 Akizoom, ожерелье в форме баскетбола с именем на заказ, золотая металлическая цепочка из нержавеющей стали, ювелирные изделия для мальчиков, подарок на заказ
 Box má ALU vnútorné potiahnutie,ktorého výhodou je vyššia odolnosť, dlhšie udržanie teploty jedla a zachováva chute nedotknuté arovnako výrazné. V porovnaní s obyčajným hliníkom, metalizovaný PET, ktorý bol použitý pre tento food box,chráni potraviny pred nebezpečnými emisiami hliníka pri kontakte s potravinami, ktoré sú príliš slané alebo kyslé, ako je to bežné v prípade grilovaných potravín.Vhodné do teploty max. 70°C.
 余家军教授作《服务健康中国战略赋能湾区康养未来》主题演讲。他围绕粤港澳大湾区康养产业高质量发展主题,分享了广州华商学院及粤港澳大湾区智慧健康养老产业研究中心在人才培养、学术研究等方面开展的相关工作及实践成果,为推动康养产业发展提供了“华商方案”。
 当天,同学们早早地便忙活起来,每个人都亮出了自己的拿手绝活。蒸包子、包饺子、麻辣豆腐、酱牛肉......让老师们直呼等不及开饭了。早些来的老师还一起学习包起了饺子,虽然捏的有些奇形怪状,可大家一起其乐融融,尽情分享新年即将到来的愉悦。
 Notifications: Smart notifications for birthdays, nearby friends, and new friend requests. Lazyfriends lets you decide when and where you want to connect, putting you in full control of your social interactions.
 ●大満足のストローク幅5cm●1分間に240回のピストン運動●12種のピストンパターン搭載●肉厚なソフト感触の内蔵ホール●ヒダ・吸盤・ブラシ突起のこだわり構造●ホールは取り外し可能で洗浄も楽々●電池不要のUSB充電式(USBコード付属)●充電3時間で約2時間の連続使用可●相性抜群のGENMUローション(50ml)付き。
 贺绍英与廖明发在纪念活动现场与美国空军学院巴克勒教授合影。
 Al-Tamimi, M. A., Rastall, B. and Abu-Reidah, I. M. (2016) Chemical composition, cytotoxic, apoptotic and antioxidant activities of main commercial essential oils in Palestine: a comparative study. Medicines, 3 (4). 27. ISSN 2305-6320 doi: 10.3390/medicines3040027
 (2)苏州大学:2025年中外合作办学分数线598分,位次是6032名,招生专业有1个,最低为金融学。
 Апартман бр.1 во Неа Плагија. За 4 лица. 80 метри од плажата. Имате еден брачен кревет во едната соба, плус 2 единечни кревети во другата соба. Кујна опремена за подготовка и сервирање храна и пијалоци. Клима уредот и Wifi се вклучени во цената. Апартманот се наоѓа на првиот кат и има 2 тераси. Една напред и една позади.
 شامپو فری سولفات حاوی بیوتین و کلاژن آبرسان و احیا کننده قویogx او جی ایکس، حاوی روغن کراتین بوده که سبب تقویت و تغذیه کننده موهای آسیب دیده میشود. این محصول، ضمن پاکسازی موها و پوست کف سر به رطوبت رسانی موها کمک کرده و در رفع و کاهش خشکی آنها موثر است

■ ■ ■

Begin at the line that has "余家军教授作《服务健康中国战" in the entries above; stop after the line that has "Notifications: Smart notifications". Transcribe exactly those lines and no others.

 余家军教授作《服务健康中国战略赋能湾区康养未来》主题演讲。他围绕粤港澳大湾区康养产业高质量发展主题,分享了广州华商学院及粤港澳大湾区智慧健康养老产业研究中心在人才培养、学术研究等方面开展的相关工作及实践成果,为推动康养产业发展提供了“华商方案”。
 当天,同学们早早地便忙活起来,每个人都亮出了自己的拿手绝活。蒸包子、包饺子、麻辣豆腐、酱牛肉......让老师们直呼等不及开饭了。早些来的老师还一起学习包起了饺子,虽然捏的有些奇形怪状,可大家一起其乐融融,尽情分享新年即将到来的愉悦。
 Notifications: Smart notifications for birthdays, nearby friends, and new friend requests. Lazyfriends lets you decide when and where you want to connect, putting you in full control of your social interactions.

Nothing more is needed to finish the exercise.